Email Jayant S Vaidya:
mailto:j.vaidya@ucl.ac.uk?subject=Re:+"Early+Cancer"+vs.+"Dormant+Cancer"+and+the+potential+hazards+of+the+rush+to+surgery

Dear Sir,

We must constantly remind ourselves that mortality is the only valid endpoint for assessing a screening programme and any other surrogate can frequently give false answers. Quinn and colleagues (4 Sep, p 642-3) cannot provide an alternative explanation for the pattern of reduction of cervical cancer mortality but that cannot be used to refute our suggestion that screening might actually have slowed a natural reduction in cervical cancer mortality. There is a similar lack of explanation for the dramatic reduction in the incidence and mortality of invasive gastric cancers, which has occurred in the absence of a screening programme!

On the other hand, we cannot ignore their paper and Adab's letter which suggests that despite reduction in incidence of invasive cervical cancer, the mortality has remained the same and also the recent letter from Sweden (3 July, p 55) that even breast cancer screening may not reduce mortality in the over 50 age group. These facts could actually point to a very fundamental hidden biological clue. Judah Folkman's has elegantly demonstrated that tumours cannot grow beyond 200 microns without stimulating their own blood supply. Thus many primary tumours can exist in a state of dynamic equilibrium and suppress the growth of their own secondaries by anti-angiogenic paracrine secretions1 Removal of the primary can provoke local angiogenesis from surgical trauma and release the secondaries from this inhibition and stimulate their growth. The paracrine secretion may be proportional to the tumour size until a critical level, when it can no longer continue to effectively inhibit the secondary growth. This critical size may be different for individual tumours and may well be above the clinical threshold.
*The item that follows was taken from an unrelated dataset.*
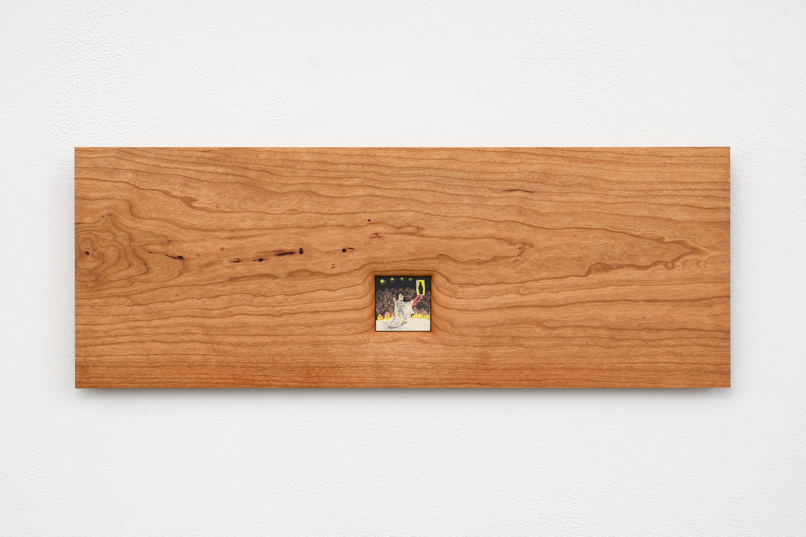 Each porcelain tile is embedded in a cherry surface, contorting the grain as an extension of the painted environment. The miniature scale insists upon private viewing: a visitor must do so by leaning close to see the salacious scenes as if through a keyhole in a locked door. Kettner’s characters oscillate between performing burlesque routines and shying away from meddlesome doctors and prying eyes.

So there is really no meaning to the term 'early cancer'. We must realise that by the age of 60, every one of us harbours at least one of prostate, breast, thyroid or lung cancer in a sub-clinical (dormant) state- that is usually completely harmless 2-5. Effective treatment of cancer - and reduction in mortality from cancer in general will be possible only if we follow a strategy based on these principles.

Once a primary cancer can no longer effectively inhibit its secondaries- it could be safely removed and its anti-angiogenic effect replaced and supplemented so that the secondaries remain suppressed. Removal of a primary cancer at an 'early' stage when it is effectively suppressing its secondaries, will only remove the inhibition of angiogenesis that will nullify any benefit from reduction of further metastasis. This could be elusive answer to the puzzle of the disappointments of screening. We should stop talking about "early cancer" and start thinking about "dormant cancer" and inappropriate "early surgery".

Jayant S Vaidya

Michael Baum

Academic Department of Surgery, Royal Free and University College Medical School, University College London, 67-73 Riding House Street, London W1P 7LD

References

1. Folkman J. Angiogenesis in cancer, vascular, rheumatoid and other disease. Nat.Med. 1995;1:27-31.

2. Whitmore WFJr. The natural history of prostate cancer. Cancer 1973;32:1104-1112.

3. Nielsen M, Thomsen JL, Primdahl S, Dyreborg U, Andersen JA. Breast cancer and atypia among young and middle-aged women: a study of 110 medicolegal autopsies. Br J Cancer 1987;56:814-819.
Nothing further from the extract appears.